The project's researchers say the technology could lead to the development of a cost-effective, portable, and fully functional robotic nose.
When studying how to improve the accuracy and speed of odor detection and identification, the researchers found they could use bio-inspired signal processing to enhance the signals from sensors and resolve variations in gas concentrations resulting from of a phenomenon called "turbulence." Rapid concentration changes associated with turbulence can be resolved with inexpensive, off-the-shelf gas sensors and appropriate signal processing, according to the researchers.
"The signal-processing method we devised operates pretty much like an adapting neuron," notes principal researcher Michael Schmuker.
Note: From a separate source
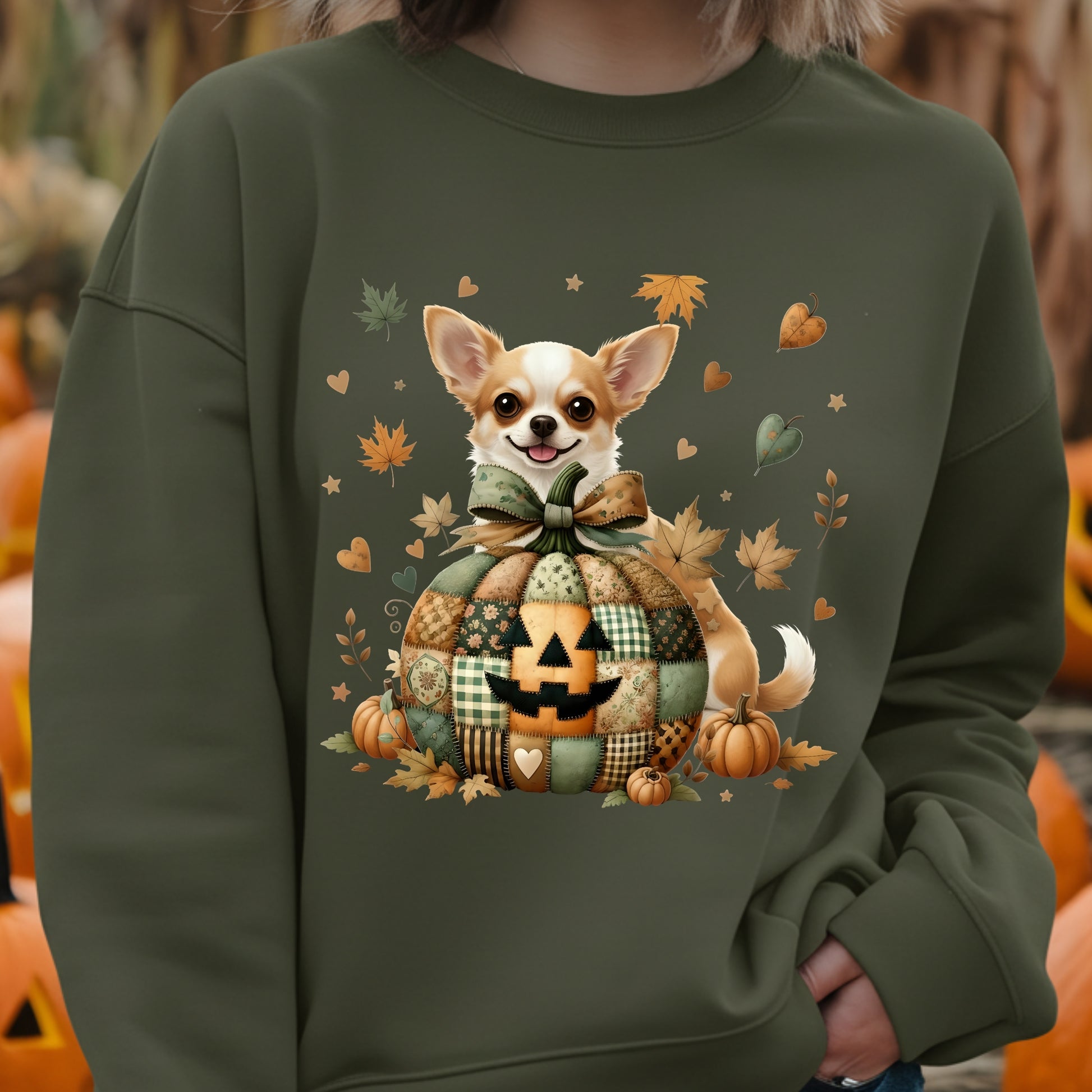 Celebrate cozy days with this charming Chihuahua sweatshirt, featuring a patchwork autumn design and adorable dog motif. Perfect for small dog lovers, it's super soft and ideal for snuggling all fall long. Limited edition – make every season a cozy Chihuahua season.
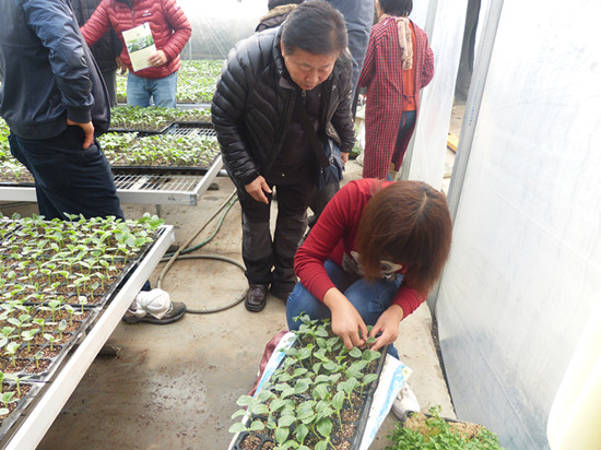 韓國農水產大學教授觀看安信工作人員嫁接黃瓜苗

Neurons exchange information via short pulses of activity called "spikes," and the researchers are using specialized neuromorphic hardware to accelerate spiking computation and model brain circuits while maintaining computational efficiency. The input data is encoded by virtual olfactory receptors and then processed by a network based on an element of the insect olfactory system.
"With the right network, these systems have the potential to perform as well as conventional computers in pattern recognition, but at a fraction of the energy costs," Schmuker says.